**Description of the task**
In the data below, reproduce everything exactly except the images.

**Collected data**
•••••
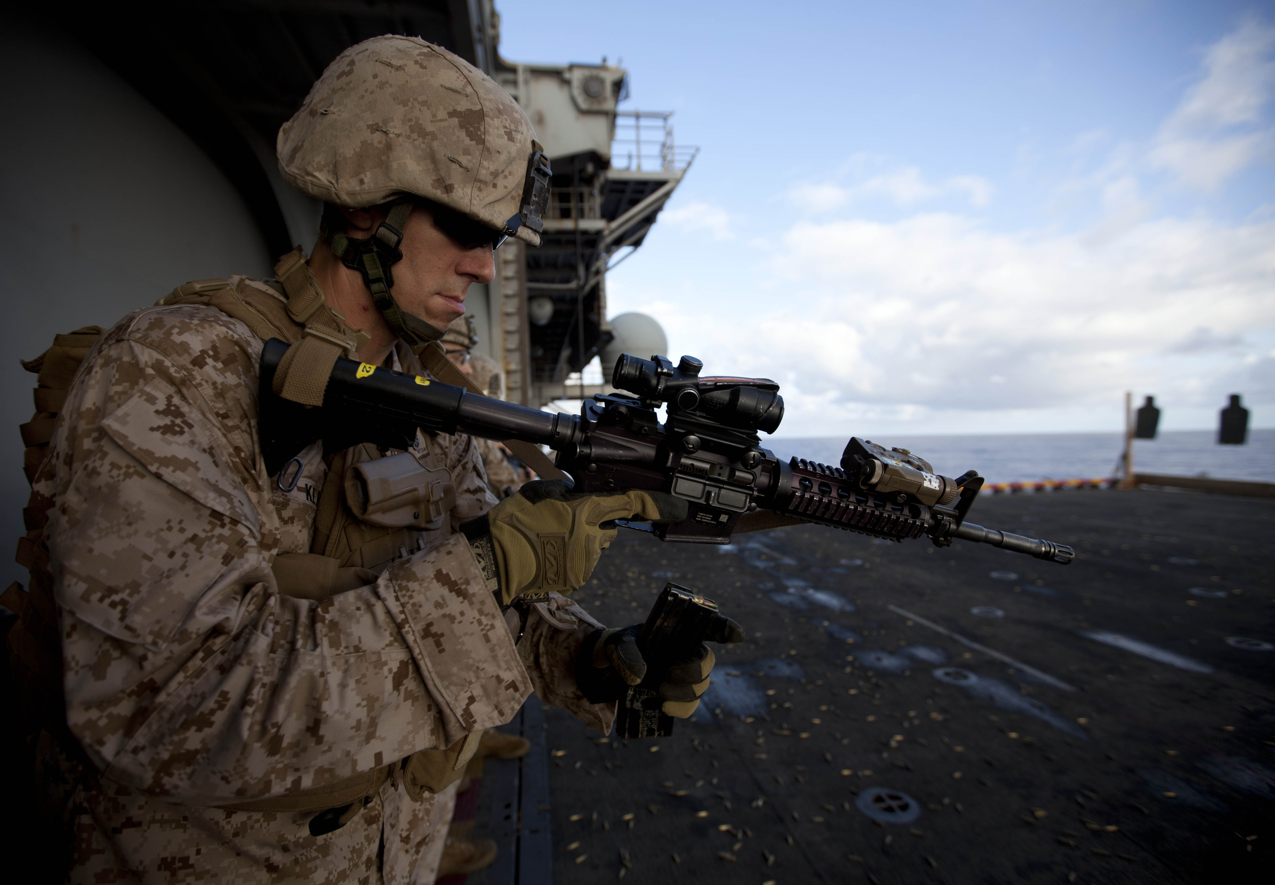 2015년 7월, 주요 해병대 사령부는 육군과 마찬가지로 표준 보병 소총으로 M16A4를 M4로 전환하는 것을 지지했다. 이는 카빈의 가벼운 무게, 소형 크기, 그리고 대부분 근접전에서 발생하는 현대 전투 상황에 대처할 수 있는 능력 때문이다. 만약 분대가 더 먼 거리에서 교전해야 할 경우, M27 보병 자동소총을 지정 사수 소총으로 사용할 수 있다. 이 변경이 승인되면 M16은 지원 인원에게 배치되고, 이미 무기고에는 모든 보병에게 필요한 1만 7천 정의 M4가 보유되어 있었다.[11] 2015년 10월, 미국 해병대 사령관 로버트 넬러는 M4 카빈을 모든 보병 대대, 경비대 및 지원 학교의 주력 무기로 하는 것을 공식적으로 승인했다. 이 전환은 2016년 9월까지 완료될 예정이었다.[12] 2017년 12월, 해병대는 보병 분대의 모든 해병에게 M27을 장비하고, M4는 소대장 이상의 지휘관에게 계속 사용하도록 결정했다는 것을 밝혔다.[13] 미국 해병대 특수작전사령부(MARSOC) 또한 M4를 유지하고 있는데, 그 이유는 더 짧은 총열이 밀폐된 공간에서 작전하는 방식에 더 적합하기 때문이다.[14]
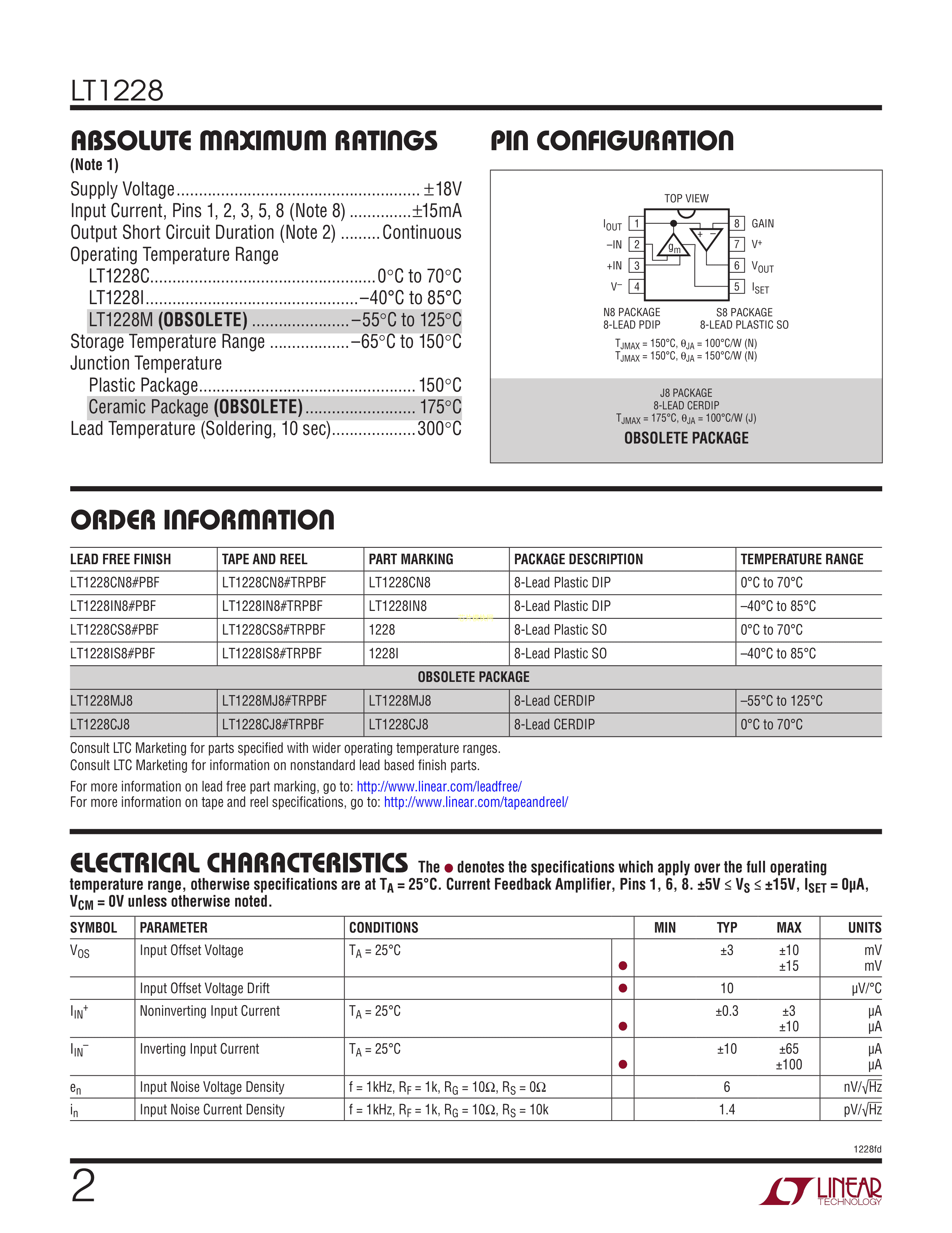 LT1228IN8#PBF数据手册PDIP-8封装ADI(亚德诺)-LINEARPDF规格书,中英文
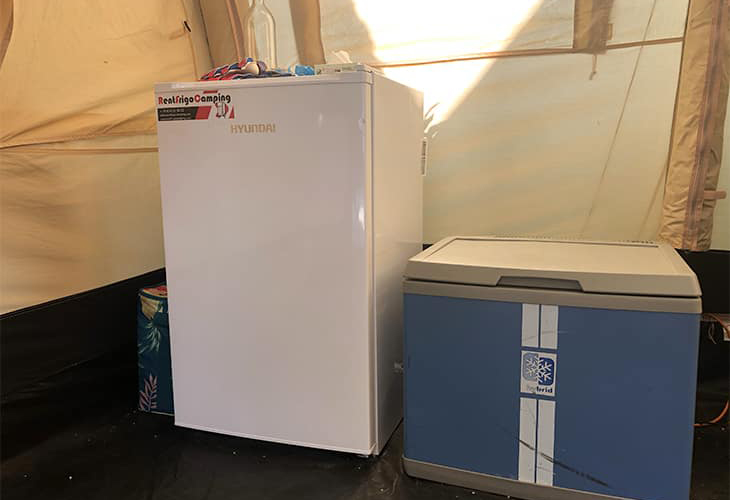 Bij de camping zelf of bij een bedrijf dat koelkasten verhuurt, je vindt ze online.
•••••
**Solution for this exercise**
 2015년 7월, 주요 해병대 사령부는 육군과 마찬가지로 표준 보병 소총으로 M16A4를 M4로 전환하는 것을 지지했다. 이는 카빈의 가벼운 무게, 소형 크기, 그리고 대부분 근접전에서 발생하는 현대 전투 상황에 대처할 수 있는 능력 때문이다. 만약 분대가 더 먼 거리에서 교전해야 할 경우, M27 보병 자동소총을 지정 사수 소총으로 사용할 수 있다. 이 변경이 승인되면 M16은 지원 인원에게 배치되고, 이미 무기고에는 모든 보병에게 필요한 1만 7천 정의 M4가 보유되어 있었다.[11] 2015년 10월, 미국 해병대 사령관 로버트 넬러는 M4 카빈을 모든 보병 대대, 경비대 및 지원 학교의 주력 무기로 하는 것을 공식적으로 승인했다. 이 전환은 2016년 9월까지 완료될 예정이었다.[12] 2017년 12월, 해병대는 보병 분대의 모든 해병에게 M27을 장비하고, M4는 소대장 이상의 지휘관에게 계속 사용하도록 결정했다는 것을 밝혔다.[13] 미국 해병대 특수작전사령부(MARSOC) 또한 M4를 유지하고 있는데, 그 이유는 더 짧은 총열이 밀폐된 공간에서 작전하는 방식에 더 적합하기 때문이다.[14]
 LT1228IN8#PBF数据手册PDIP-8封装ADI(亚德诺)-LINEARPDF规格书,中英文
 Bij de camping zelf of bij een bedrijf dat koelkasten verhuurt, je vindt ze online.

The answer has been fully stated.